Australia set to pay polluters to cut emissions

October 31, 2014
In this file photo, the Hazelwood power station billows smoke from its exhaust stacks in the Latrobe Valley, 150 km east of Melbourne, on August 13, 2009

Australia is set to approve measures giving polluters financial incentives to reduce emissions blamed for climate change, in a move critics described as ineffective environmental policy.

The so-called "direct action" plan, which will see the government pay companies to increase energy efficiency, passed through the upper house Senate early Friday following a marathon debate.

The bill is expected to be approved next month by the lower House of Representatives where the conservative government of Prime Minister Tony Abbott has a majority.

It comes after Abbott axed a tax on introduced by the previous Labor administration, fulfilling a central pledge from last year's elections.

"We have delivered on our promise to implement an emissions reduction fund to ensure that there is real and practical action to achieve our emissions goals and targets without a carbon tax," Environment Minister Greg Hunt told reporters.

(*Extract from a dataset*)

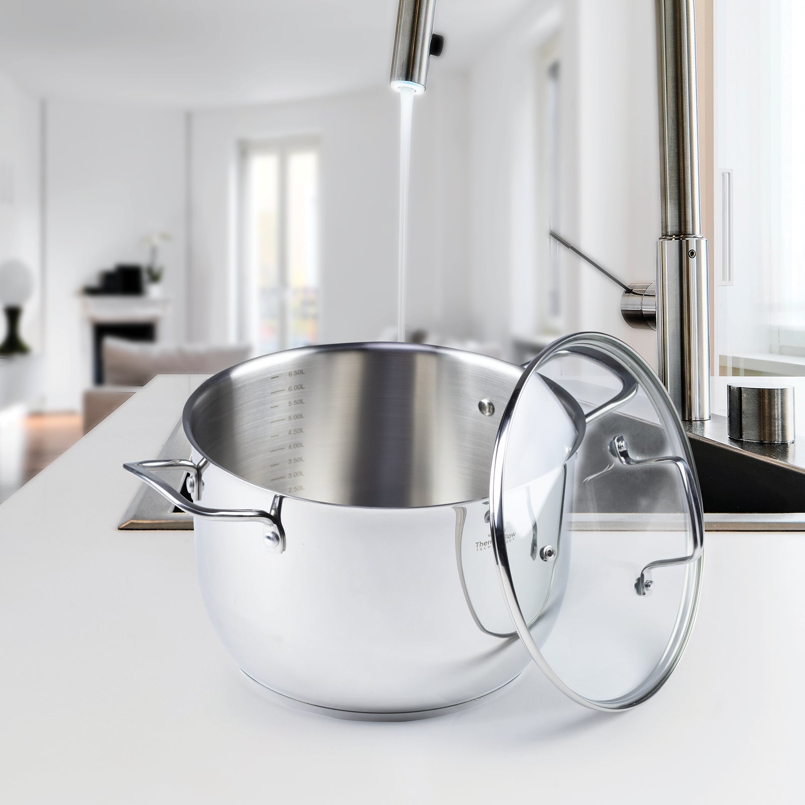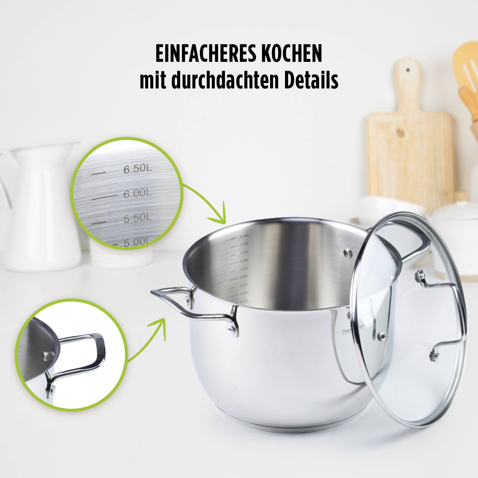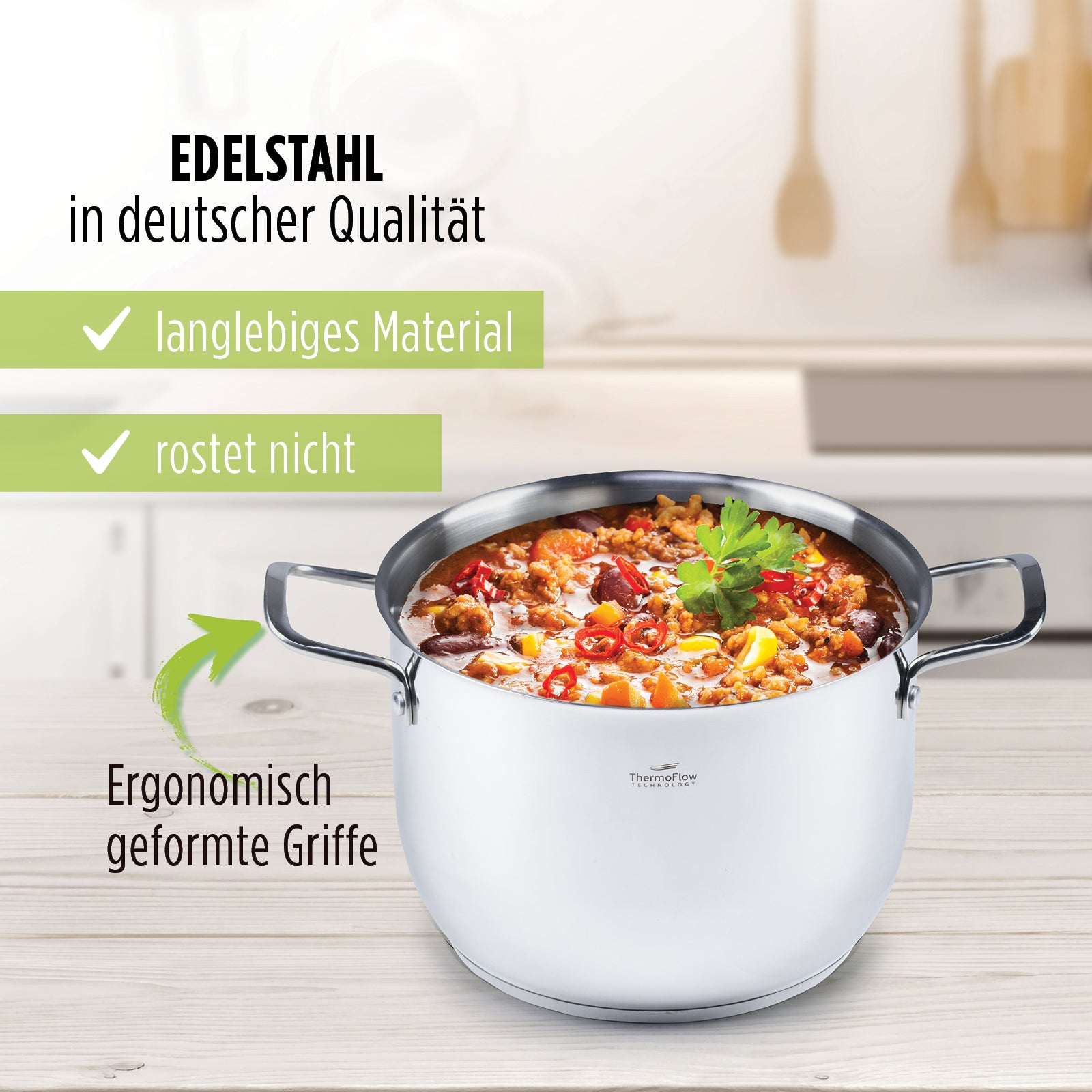 - Deutscher Qualitäts-Edelstahltopf 18/10 mit 3-lagigem Schlagboden für Haltbarkeit, lange Lebensdauer, schnelles Erhitzen und gleichmäßiges Garen.

China and the United States are the biggest greenhouse gas polluters, according to a report by international scientists issued last month, but Australia's output is considered high per capita.

The Aus$2.55 billion (US$2.25 billion) Emissions Reduction Fund is part of the government's plan to meet its emissions reduction target of five percent below 2000 levels by 2020.

Under the plan, competitive auctions will be held, with the government entering into contracts to buy emissions reductions from successful bidders at the lowest cost, Hunt said.

Australia's Prime Minister Tony Abbott, pictured during a press conference in Sydney, on September 19, 2014

He added that the reductions would be "real and significant" as payments would only be made when the pollution cuts occur.

'Not the right way to go'

But the Labor opposition leader Bill Shorten criticised the scheme, describing it as "paying big polluters to keep polluting, which is terrible policy".

"In terms of 'Direct Action', Labor just doesn't believe it is the right way to go. We believe in trusting the marketplace to set the price signal," Shorten said Friday.

The policy has also been slammed by the Greens party, with leader Christine Milne saying there was "no modelling or any evidence to suggest it will do anything at all to reduce pollution".

The plan passed with the backing of the Palmer United Party. As part of the government's deal with mining magnate Clive Palmer's party, Hunt agreed to keep the Climate Change Authority (CCA) and set up a three-stage, 18-month inquiry into an (ETS).

The government had been planning to abolish the CCA, an independent agency set up by the previous government.

The University of Queensland's John Quiggin, a CCA member and economics professor, welcomed the inquiry into an ETS.

"The overwhelming view of economists is that a price-based measure such as an ETS is a critical component of a carbon mitigation policy," Quiggin said.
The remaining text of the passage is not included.